(Beginning of Input data)
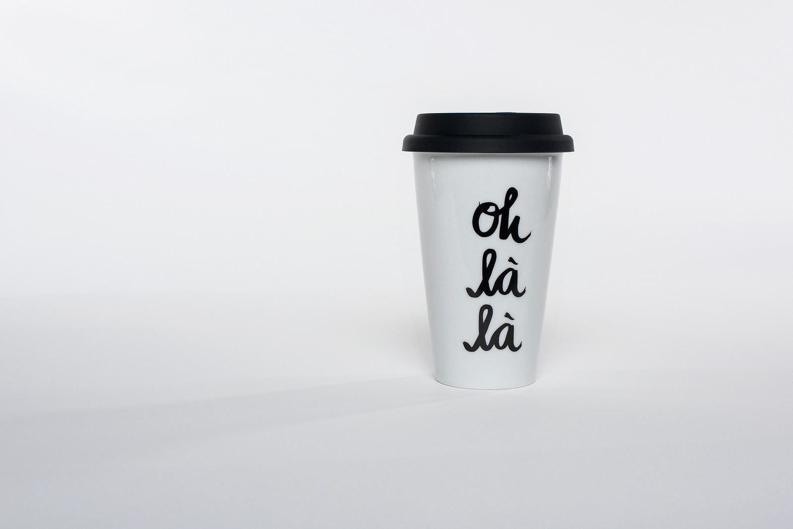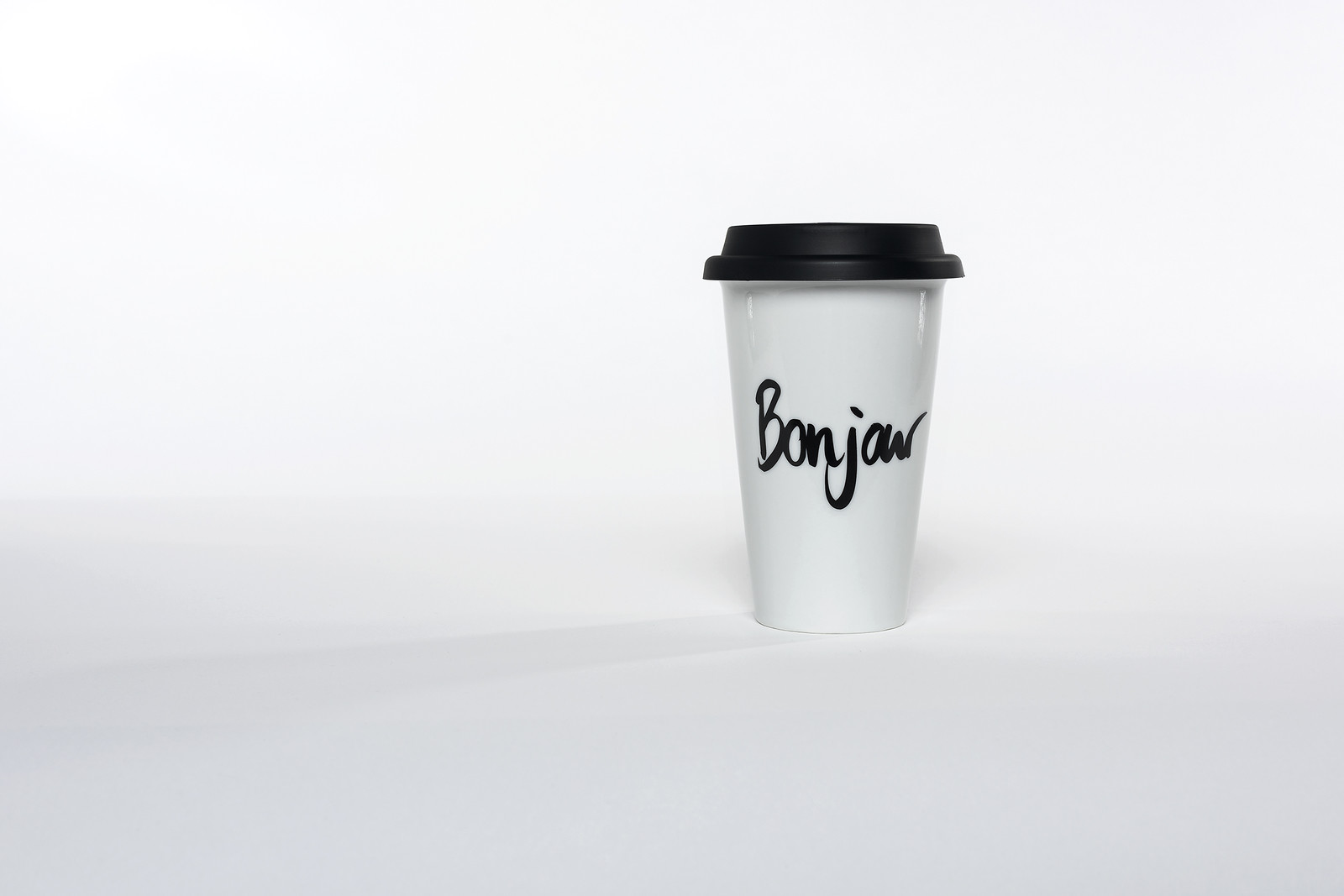 Mir gefällt der Becher mit der "Bonjour"-Schrift am Besten!
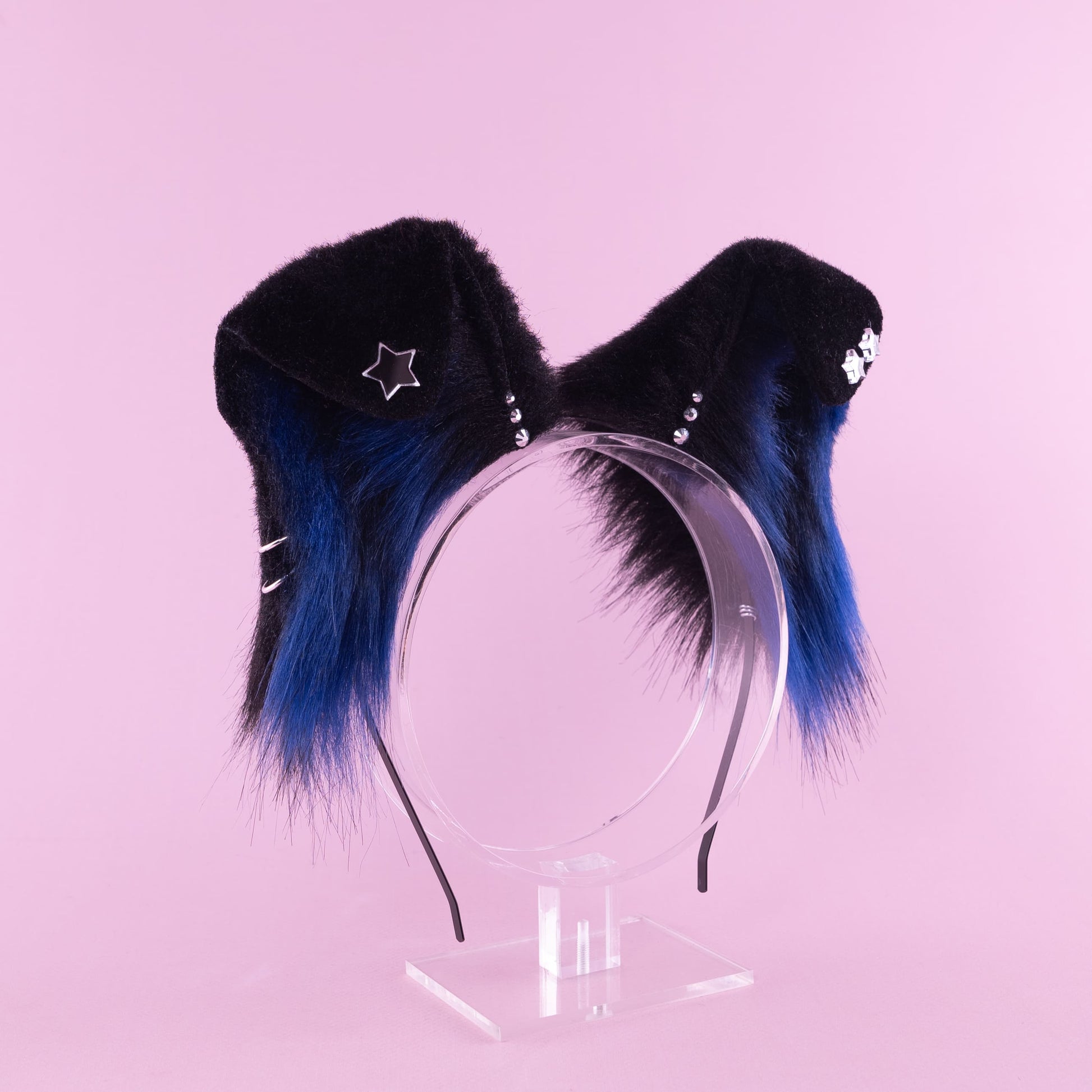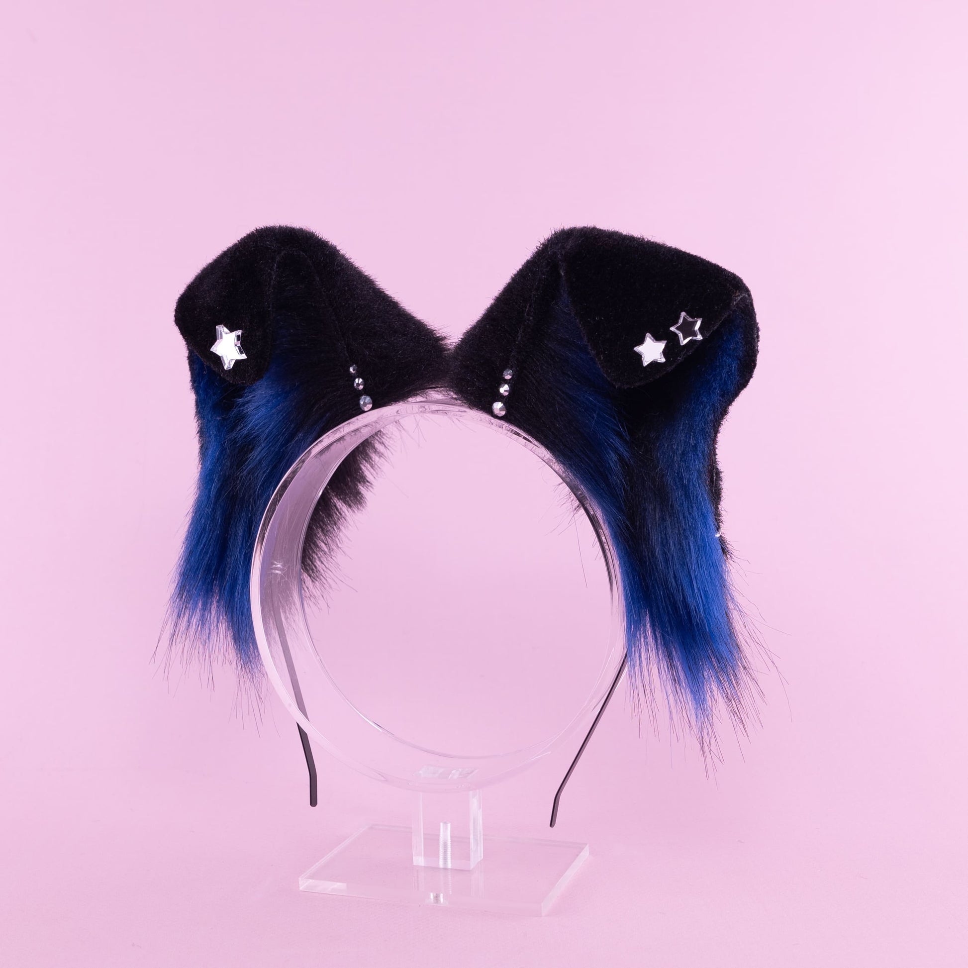 Blue and black puppy shaped ears, approximately 4 inches, decorated with airbrushing, piercing, rhinestones and plastic stars. Ears are fully wired and posable on a metal headband. Made of luxury quality faux fur and crystals.
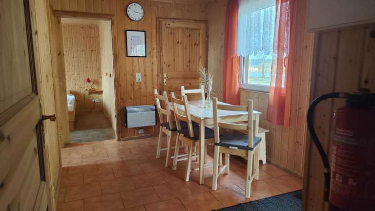 Das Ferienhaus verfügt über zwei Schlafzimmer, ein Wohnzimmer mit Satelliten-TV und eine gut ausgestattete Küchenzeile. Es gibt ein Badezimmer mit Dusche.
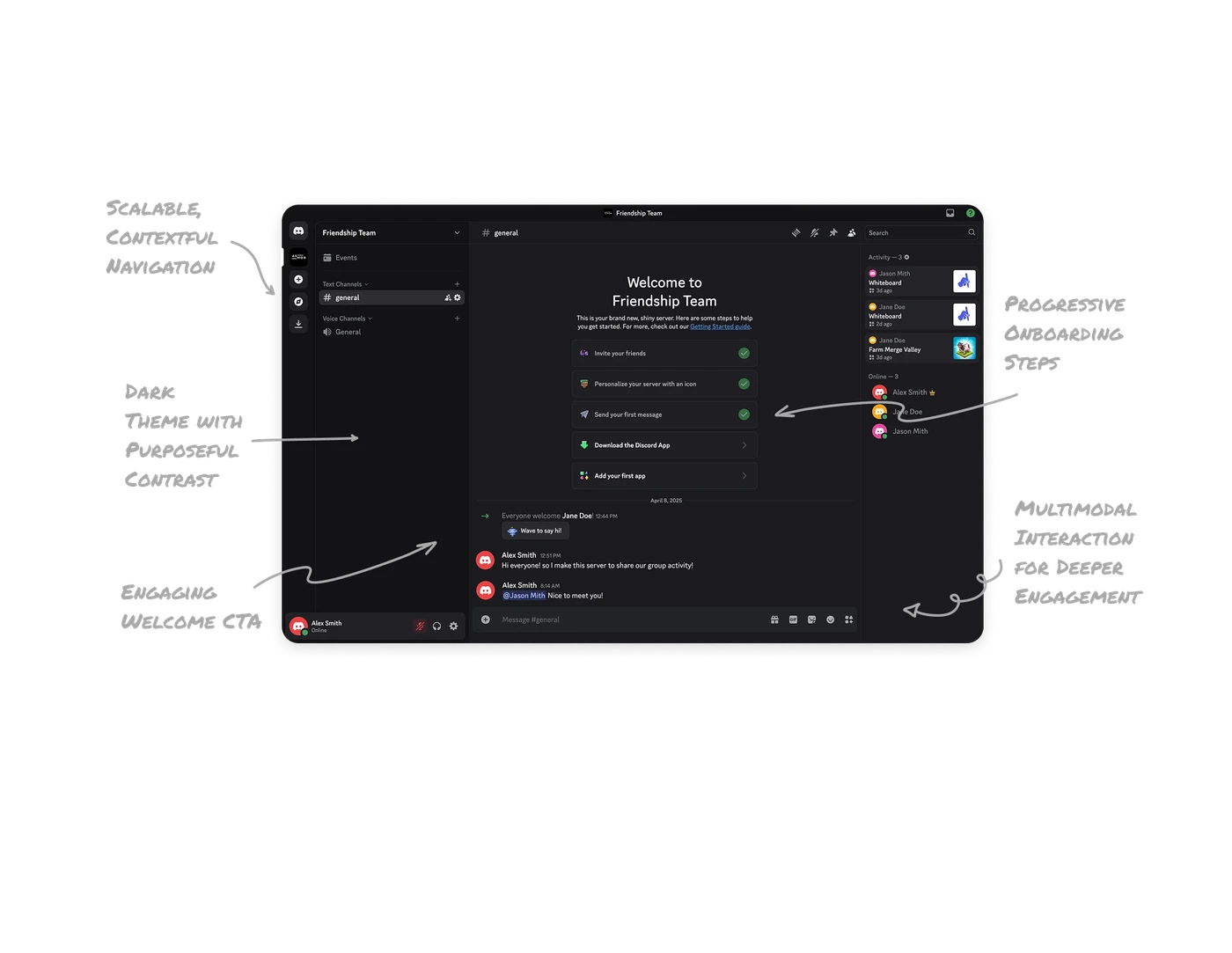 The layout supports multiple ways to interact, including text chat, voice channels, app integrations, and the activity feed. This allows for deeper engagement while keeping the experience approachable.
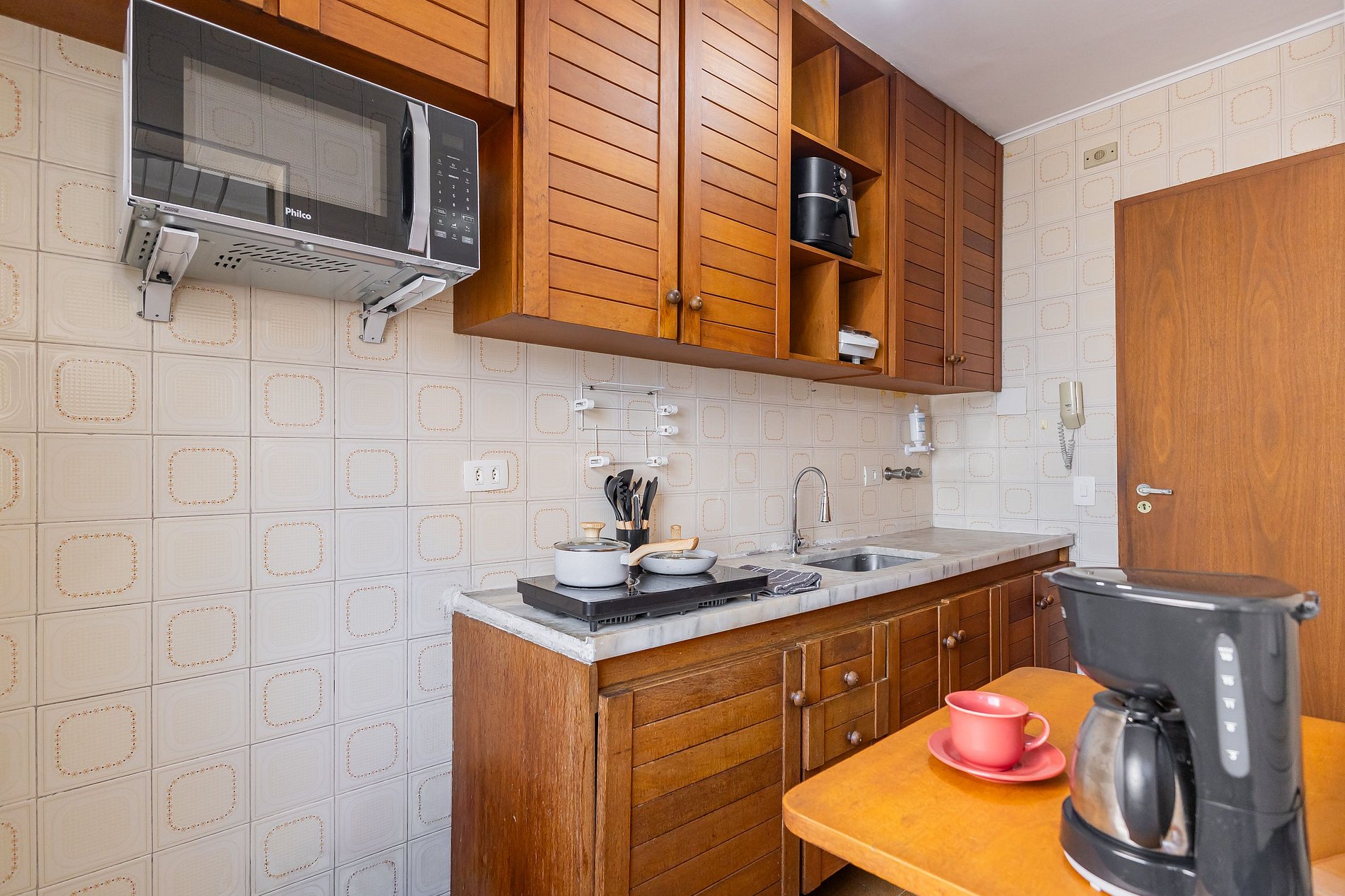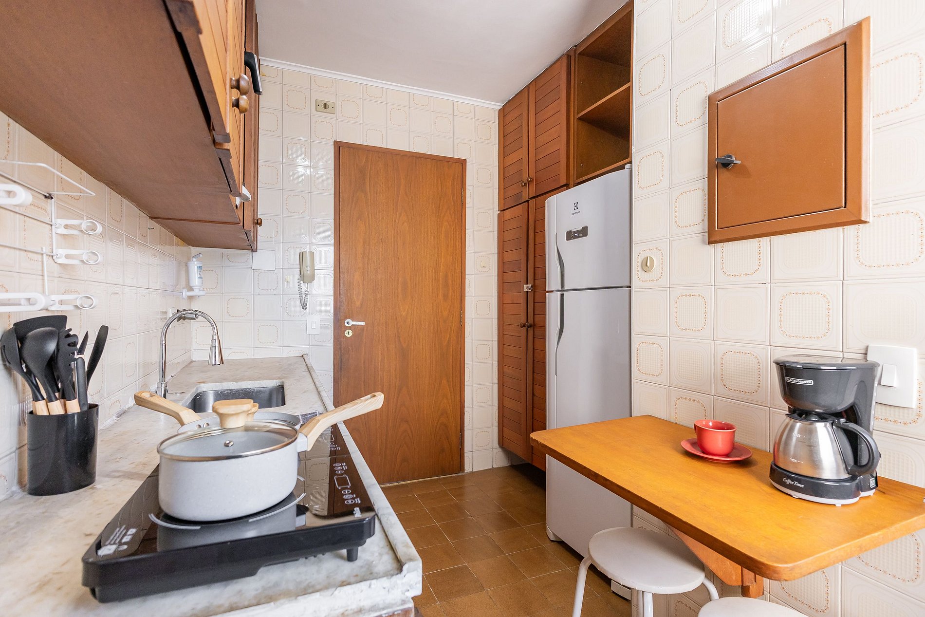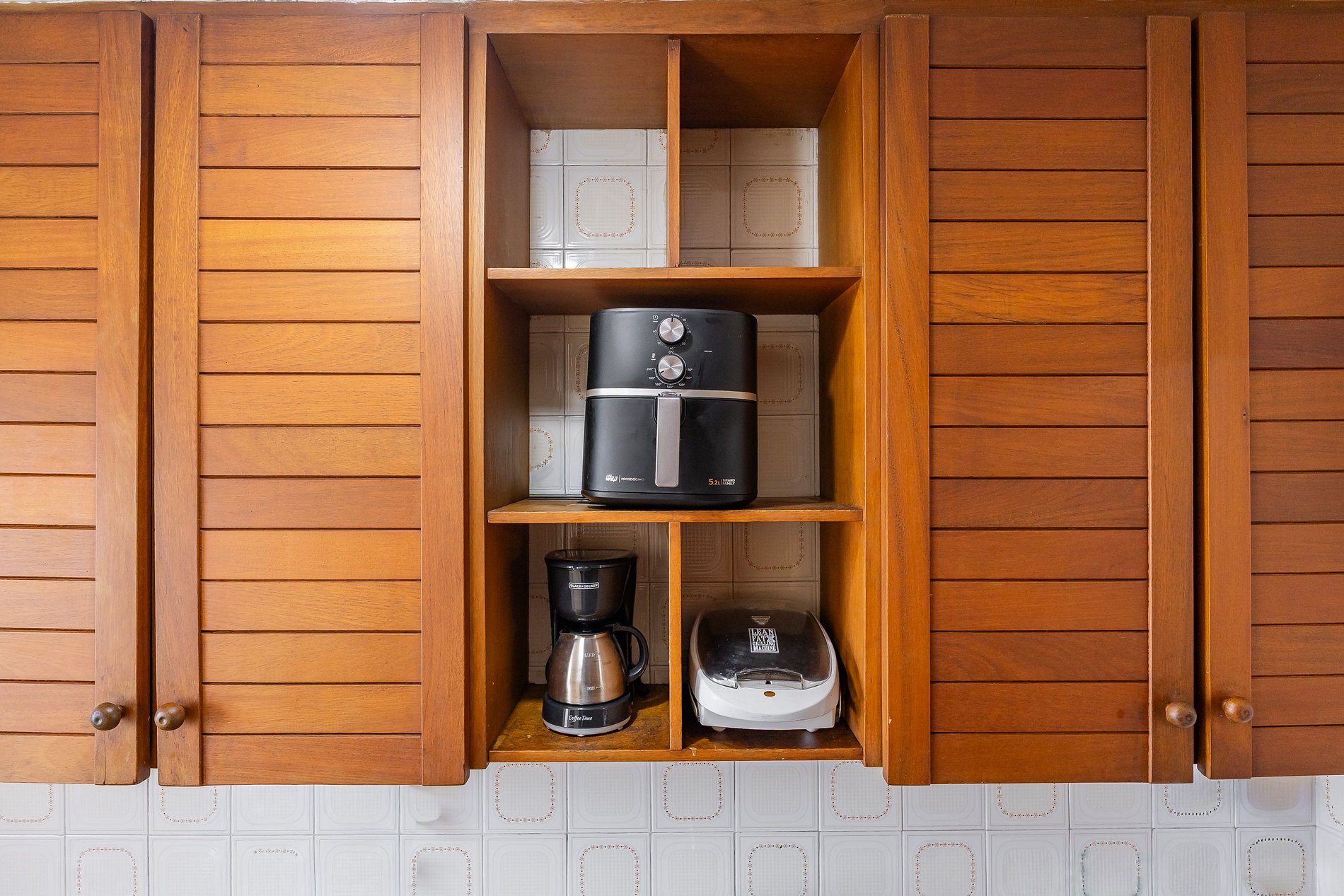 • Cozinha equipada com geladeira, cooktop por indução, micro-ondas, air fryer, máquina de café, sanduicheira e utensílios de cozinha;
(End of Input data)
> **Task details**
Where an entry holds a picture, leave the picture out and output the rest exactly.

> **Reply**
 Mir gefällt der Becher mit der "Bonjour"-Schrift am Besten!
 Blue and black puppy shaped ears, approximately 4 inches, decorated with airbrushing, piercing, rhinestones and plastic stars. Ears are fully wired and posable on a metal headband. Made of luxury quality faux fur and crystals.
 Das Ferienhaus verfügt über zwei Schlafzimmer, ein Wohnzimmer mit Satelliten-TV und eine gut ausgestattete Küchenzeile. Es gibt ein Badezimmer mit Dusche.
 The layout supports multiple ways to interact, including text chat, voice channels, app integrations, and the activity feed. This allows for deeper engagement while keeping the experience approachable.
 • Cozinha equipada com geladeira, cooktop por indução, micro-ondas, air fryer, máquina de café, sanduicheira e utensílios de cozinha;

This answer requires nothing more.